El último comunicado del Centro Nacional de Huracanes (NHC, por sus siglas en inglés) confirmó la formación del primer huracán de la actual temporada de ciclones en el océano Atlántico. Lo que era la tormenta tropical Erin alcanzó vientos para ahora ser considerado como un huracán de categoría 1 en la escala Saffir-Simpson.
El sistema se mueve hacia el noroeste del Caribe y en próximos días podría alcanzar categorías mayores de huracán. El actual pronóstico de su ruta no refleja afectaciones directas para el territorio cubano o Florida.
Erin se encuentra a unas 460 millas (760 km) al este de las islas Leeward y avanza a una velocidad de 18 millas por hora (29 km/h) hacia el oeste, con vientos sostenidos de 75 millas por hora (120 km/h).

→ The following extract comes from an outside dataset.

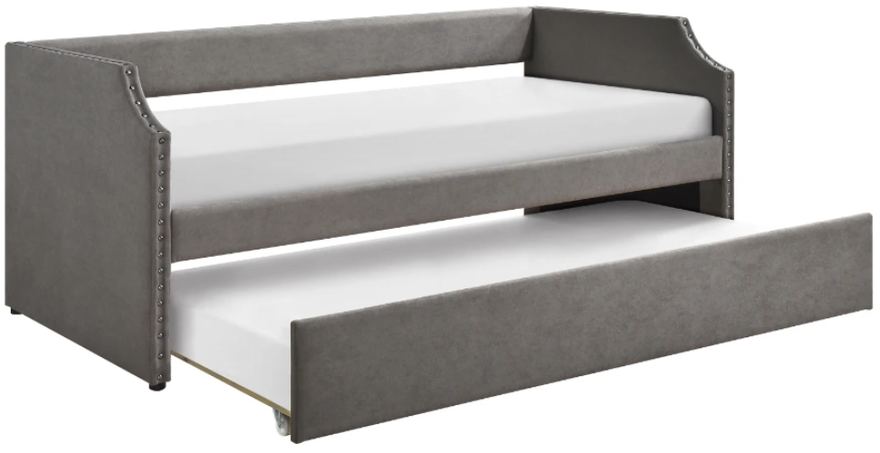 Modern traditional styling blends classic accent and clean lines to create the look of the Shiloh Collection. The dark gray textured fabric of the daybed is accented with nailhead detail that defines the profile of the piece.Read More

Se espera que el huracán pase cerca o al norte de las islas Leeward este sábado, lo que mantiene en alerta a varios territorios del Caribe. El NHC ha emitido avisos de tormenta Anguila, Barbuda, San Martín, San Bartolomé, Saba, San Eustaquio y San Martín.
Estos avisos indican que se pueden presentar condiciones de tormenta tropical en las próximas 48 horas. Además, el NHC ha instado a Puerto Rico, las Islas Vírgenes y las islas Leeward a mantener un monitoreo cercano de la trayectoria del ciclón.
El Centro también ha advertido sobre fuertes lluvias que comenzarán a caer el viernes por la noche en Antigua y Barbuda, las Islas Vírgenes de los Estados Unidos y Británicas, y en el sur y este de Puerto Rico. Se pronostican lluvias de hasta cuatro pulgadas, con algunas áreas que podrían recibir hasta seis pulgadas de lluvia.
Según Michael Lowry, especialista en huracanes y experto en marejadas ciclónicas, se espera que Erin gire bruscamente hacia el noreste, lo que la situaría entre EEUU y Bermudas en los próximos días.
Aunque las previsiones actuales mantienen a Erin al este del territorio continental estadounidense, el NHC ha señalado que aún existe incertidumbre sobre los efectos que el huracán podría causar en las Bahamas, la costa este estadounidense y las Bermudas a largo plazo.
Se espera que a partir de la próxima semana, las costas de la región este de EEUU, especialmente Carolina del Norte, enfrenten olas peligrosas y corrientes de resaca, con olas de hasta 15 pies (4,5 metros) que podrían provocar erosión en las playas.
Erin es la quinta tormenta con nombre de la temporada de huracanes en el Atlántico, que se extiende del 1 de junio al 30 de noviembre. Anteriormente, se formaron Andrea, Barry, Chantal y Dexter.
La Administración Nacional Oceánica y Atmosférica (NOAA, por sus siglas en inglés) ha señalado que las condiciones atmosféricas y oceánicas continúan favoreciendo una temporada ciclónica más activa de lo habitual.
En su actualización de agosto, la agencia revisó sus pronósticos y estimó que entre 13 y 18 tormentas tropicales con nombre podrían formarse durante el resto de la temporada. De estas, entre 5 y 9 tienen el potencial de convertirse en huracanes, y entre 2 y 5 podrían alcanzar la categoría 3 o superior, lo que implica huracanes de gran intensidad con vientos capaces de causar destrucción.
Los próximos ciclones llevarán los nombres de Fernand, Gabrielle, Humberto, Imelda, Jerry, Karen, Lorenzo, Melissa, Néstor, Olga, Pablo, Rebekah, Sebastien, Tanya, Van y Wendy.